Reproduce the data exactly as given, except for any images.

-- -- --

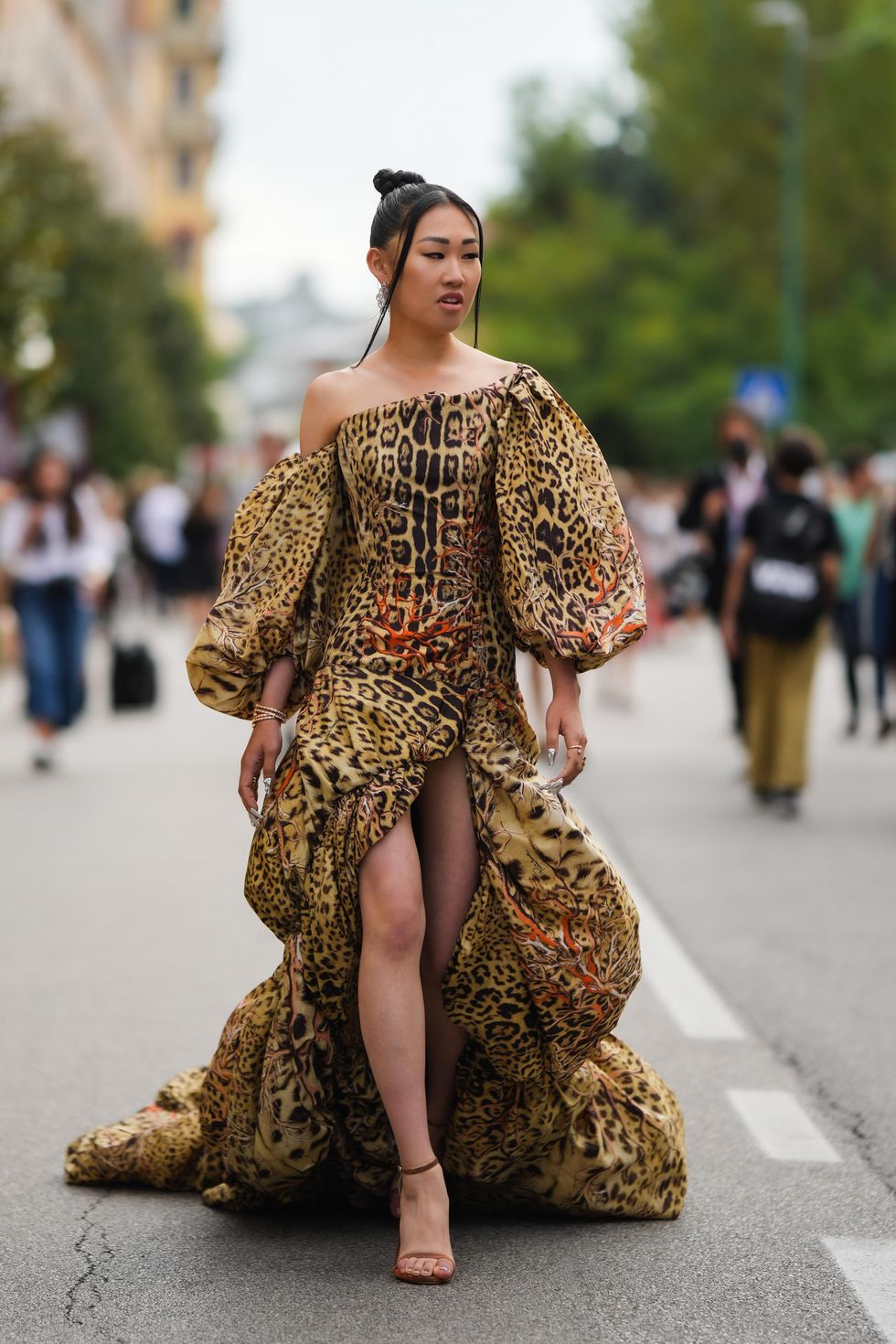 So how did Venice turn the tables over Cannes on the fashion front this early in the proceedings? It helps that Dune and Spencer, two of the most anticipated movies, premiered there, allowing for the world to have multiple looks at stylish stars like Zendaya, Stewart, and Timothée Chalamet. You also have stars like Bling Empire's Jaime Xie, who you wouldn't normally place at at an event like this but nonetheless radiated in an archive Roberto Cavalli gown. We also learned here that she's now working with Law Roach, a double treat!
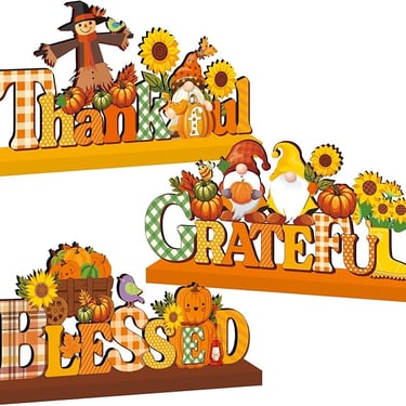 This 3-piece wooden pumpkin table decor set features durable, vividly printed designs perfect for adding a warm fall and Thanksgiving touch to any space.
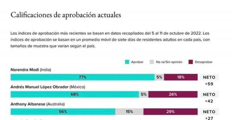 Asimismo destacó que en la encuesta de aceptación de mandatarios del mundo, hecha por la empresa Morning Consult, su popularidad sigue superando el 60%, en segundo lugar por debajo de Narendra Modi, primer ministro de la India.
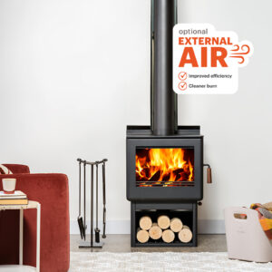 A large firebox with 5 piece log capacity, keeps your fire burning longer with fewer refuels. In-built wood storage makes wood easily accessible and keeps wood dry, ready for cleaner, hotter burning.
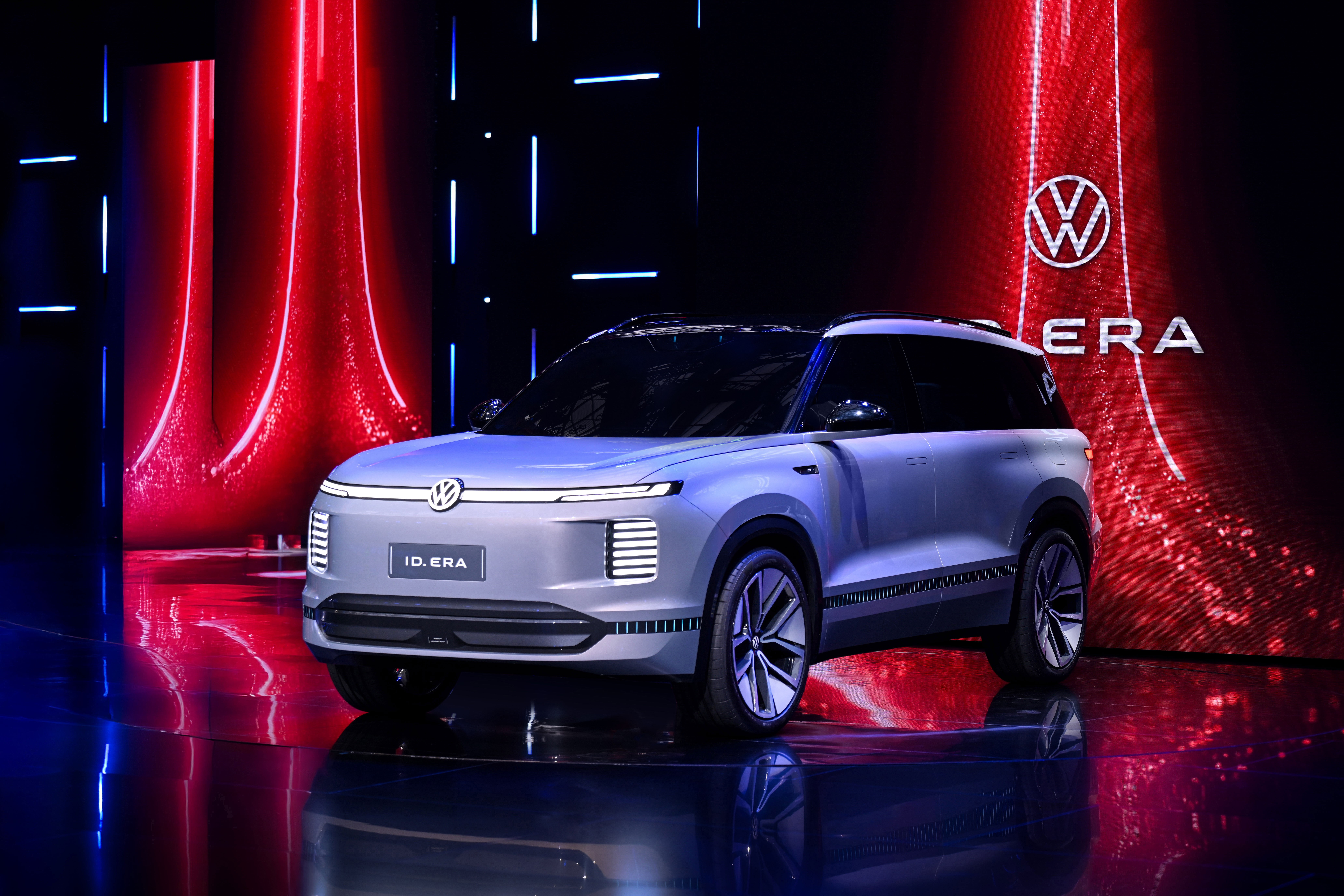 上汽大眾展臺中,一款魁梧、充滿力量感的概念車位居C位,它的名字叫做ID.ERA,是大眾品牌首款增程全尺寸SUV,“ERA”意為“時代”,你可以理解為:ID.ERA概念車是上汽大眾面向新合資時代的排頭兵。

-- -- --

* [Solution]:
 So how did Venice turn the tables over Cannes on the fashion front this early in the proceedings? It helps that Dune and Spencer, two of the most anticipated movies, premiered there, allowing for the world to have multiple looks at stylish stars like Zendaya, Stewart, and Timothée Chalamet. You also have stars like Bling Empire's Jaime Xie, who you wouldn't normally place at at an event like this but nonetheless radiated in an archive Roberto Cavalli gown. We also learned here that she's now working with Law Roach, a double treat!
 This 3-piece wooden pumpkin table decor set features durable, vividly printed designs perfect for adding a warm fall and Thanksgiving touch to any space.
 Asimismo destacó que en la encuesta de aceptación de mandatarios del mundo, hecha por la empresa Morning Consult, su popularidad sigue superando el 60%, en segundo lugar por debajo de Narendra Modi, primer ministro de la India.
 A large firebox with 5 piece log capacity, keeps your fire burning longer with fewer refuels. In-built wood storage makes wood easily accessible and keeps wood dry, ready for cleaner, hotter burning.
 上汽大眾展臺中,一款魁梧、充滿力量感的概念車位居C位,它的名字叫做ID.ERA,是大眾品牌首款增程全尺寸SUV,“ERA”意為“時代”,你可以理解為:ID.ERA概念車是上汽大眾面向新合資時代的排頭兵。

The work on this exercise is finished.